• Exercise objective
Transcribe exactly, please, the line bearing "CAP3500 Wheel base" and all later lines through the end of the records, with the pictures left out.

• Dataset items
= = = =

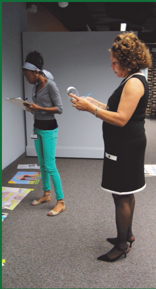
Judging for What Home Means to Me Poster Contest was held in May.

posters were received as a result of the art classes. Winners will be announced at the upcoming Housing America Month celebration in October.
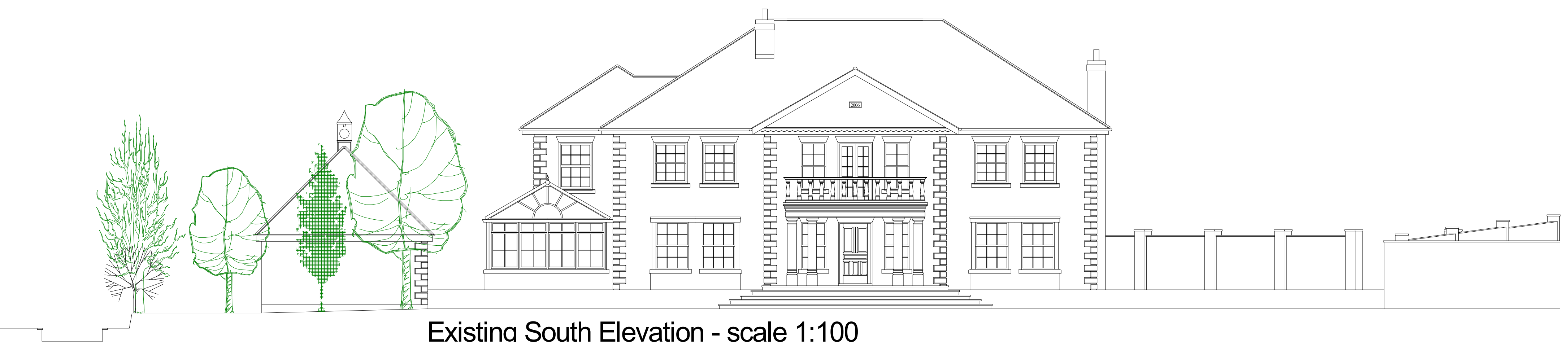
Existing South Elevation - scale 1:100
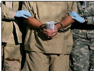
Some prisoners were moved from secret sites to Guantanamo Bay

Amnesty International Cageprisoners Center for Constitutional Rights Center for Human Rights and Global Justice Human Rights Watch Reprieve
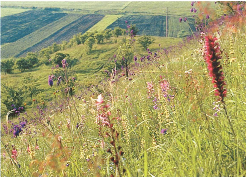
Fig. 3: Species-rich stand of the Stipetum pulcherrimae with Echium russicum , Salvia nutans , Dictamnus albus , Stachys recta , Verbascum phoeniceum , and Campanula sibirica near Mociu (Photo: Eszter Ruprecht, May 2001).
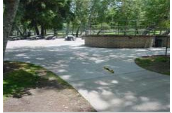
Path of Travel to the Outdoor Dining Area

Full Rec: Resurface the path of travel to provide a level surface that does not exceed a slope greater than 5%. Cross slopes shall not exceed 2%.
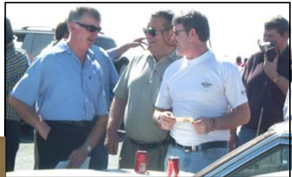
Selling Coke? Not really!
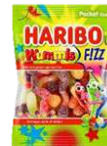
HARIBO WUMMIS FIZZ 100G 30/4200
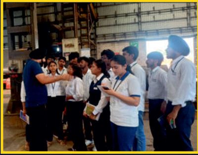
Industry Visit at Cheema Boilers Ltd.
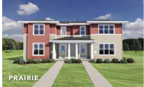
*Varies by elevation

WE MAKE BUILDING EASY.® When you build a Veridian home, you get much more than a home designed around you and your dreams. You get the peace of mind that comes with nationally-recognized, award-winning, quality craftsmanship and energy efficiency. You get a home that's constructed using innovative building materials as well as the newest technology and building practices. The result is a high-performing, green and energy efficient home that's a healthier home for you and your pocketbook. And when you build with Veridian Homes, you build with a team of specifically trained experts who make homebuilding easy.
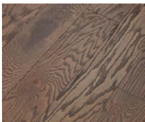
7091 Kona Lg
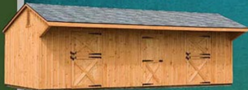
12'x32' with optional 4' overhang, gable vent, and natural stain
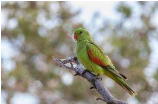
Red-winged Parrot - Alfred Schulte

Accommodation: near Boodjamulla National Park (en suite cabins). Meals included: B, L, D.
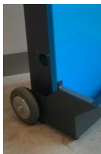
CAP3500 Wheel base
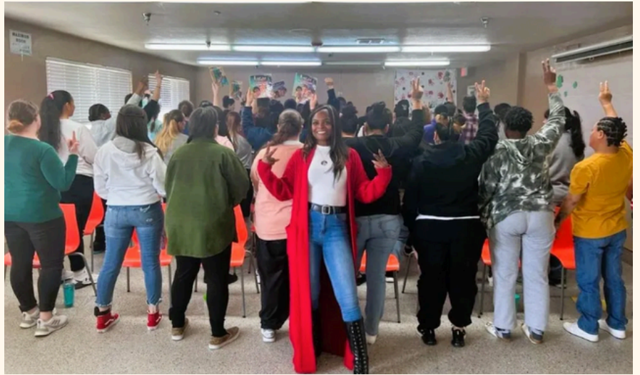
Speaking at Casa Aurora

"We would like to formally thank you for dedicating time to speak with the participants at Casa Aurora- CCTRP Bakersfield. Our program is a Corrections to Community Transitional Re-entry Program providing gender – responsive and trauma informed services to offenders who are reintegrating back into society. Through your courage, shown by sharing your journey to wholeness through trial and triumph, you empowered our participants to begin rewriting their story, owning their history, and take charge of their future through resilience and persistence. You encouraged them to celebrate their small wins, which is an essential step to personal freedom. Our participants continue to talk about how relatable you were and how you've inspired them to be a better version of themselves, despite what their past looks like. We look forward to having you come back soon to continue pouring into our participants." - Casa Aurora Family, sent two months after the event

= = = =

• Completed exercise
CAP3500 Wheel base
Speaking at Casa Aurora

"We would like to formally thank you for dedicating time to speak with the participants at Casa Aurora- CCTRP Bakersfield. Our program is a Corrections to Community Transitional Re-entry Program providing gender – responsive and trauma informed services to offenders who are reintegrating back into society. Through your courage, shown by sharing your journey to wholeness through trial and triumph, you empowered our participants to begin rewriting their story, owning their history, and take charge of their future through resilience and persistence. You encouraged them to celebrate their small wins, which is an essential step to personal freedom. Our participants continue to talk about how relatable you were and how you've inspired them to be a better version of themselves, despite what their past looks like. We look forward to having you come back soon to continue pouring into our participants." - Casa Aurora Family, sent two months after the event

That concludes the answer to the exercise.